一通りのトレーニングを終えた後、僕はメッセージを打ち込んだ。
『例の件、宜しくお願いします』
なんか、マフィアか何かの暗号みたいだ。けど、万が一彼氏さんに見られてもいい様にしておかないといけない。だから、例の件、電車の中で千奈先輩も言っていた言葉を選んだ。
直ぐに返事が来るかと思いきや、千奈先輩からのメッセージがその日の内に来ることはなくって。目が覚めてからもスマホをチェックしたけど、既読にはなってるけど返事は無い状態だった。
正直、かなり気になる。けど、僕から催促をするのもおかしいだろうし。
いつもの時間に家を出て、最寄り駅である
今日から一緒に学校に行くって書いてあったけど、電車通学の僕と一体どうやって?
ちょっとした疑問や返事が無い事を不安に感じていたけど……それらはあっさりと霧散する。
「……あ」
冴えない木製のこじんまりとした加茂鹿駅、単線で一番線と二番線しかないローカル駅に似つかわしくない程の美少女が僕を待っているじゃないか。朝の通勤のサラリーマンが思わず二度見してしまう程の可愛さ満点の笑顔を僕にくれる彼女。
制服姿の青森千奈先輩が、そこにいた。
「おはよ……って、何か変だった? それともやっぱり迷惑だったかな」
「い、いいえ! とんでもないです! 可愛くて思わず見惚れてしまっただけですから!」
――――何を言っているんだ僕は。
こんな事を衆人環視の中で言われたら、きっと千奈先輩も恥ずかしいに決まってる。
「……くす、ありがと。お世辞でも嬉しいよ」
「そ、そんな、お世辞なんかじゃ」
「行こ、電車に遅れちゃうよ?」
言われ慣れてるのかな? 千奈先輩は僕の赤面してしまう様な言葉を受けても、にっこりとした笑顔で受け止めてくれた。そして僕はいつもの癖で彼女の顔色を見てしまう。

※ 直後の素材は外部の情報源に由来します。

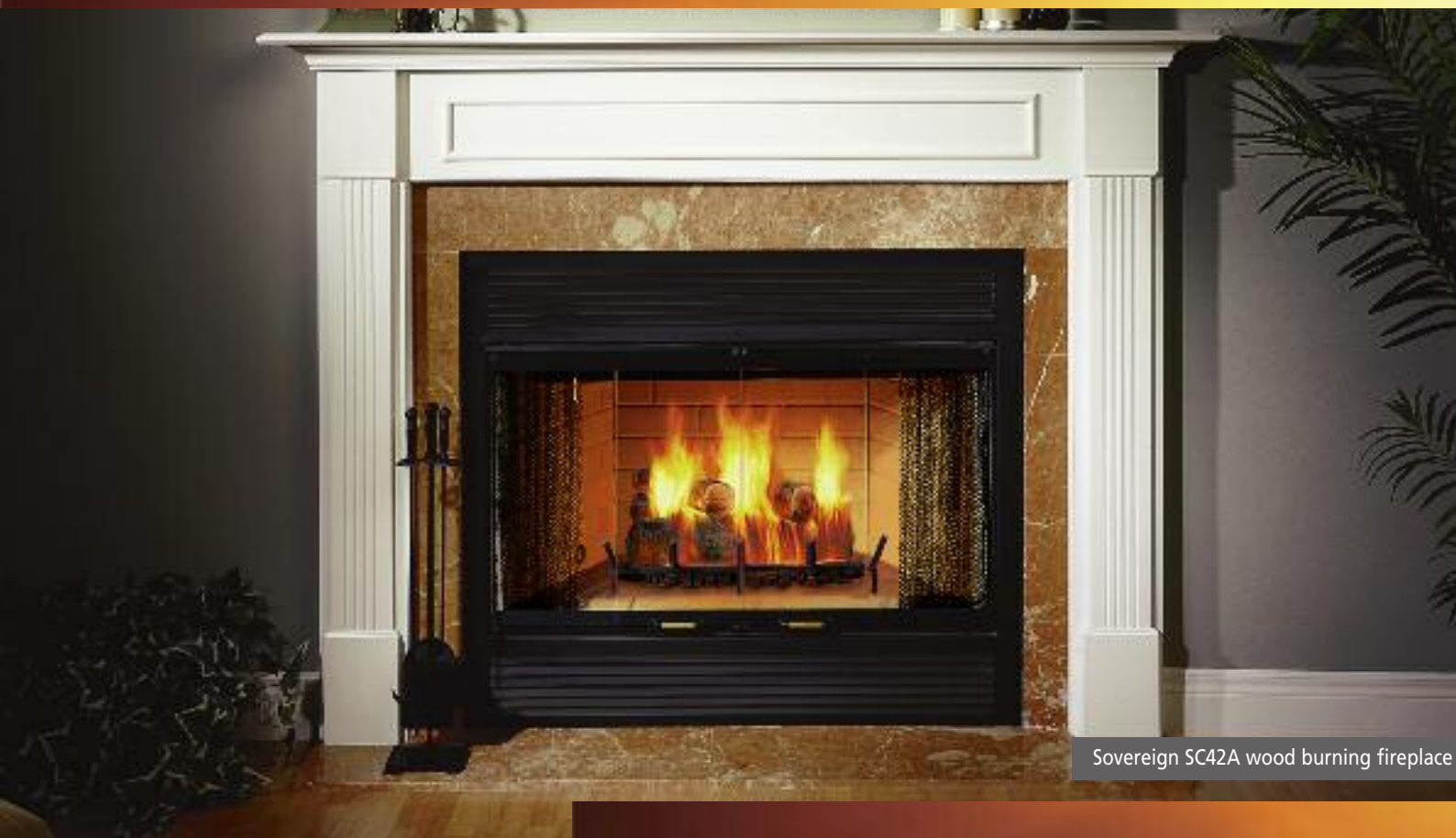
Sovereign SC42A wood burning fireplace

今日の彼女の顔は紅白な感じの色だ。ピンク一色ではなく、喜びの白と恋愛の赤が混じった感じ。
あまり見た事の無い二色の感情、僕に会えて嬉しいって感情と、大好きって感情。
これが俗にいう愛してるの状態……だとしたら、もう僕とお付き合いするのは確定事項じゃないか。後は千奈先輩が浮気している彼氏さんと別れるのを待つだけの状態。ルールをあまり知らないけど、麻雀で言う所のリーチって奴だ。
その日が一日でも早く来てくれると嬉しいなって思いつつ、一日ぶりの千奈先輩の手の感触を堪能しながら、僕は構内に入ってきた電車に二人仲良く乗車した。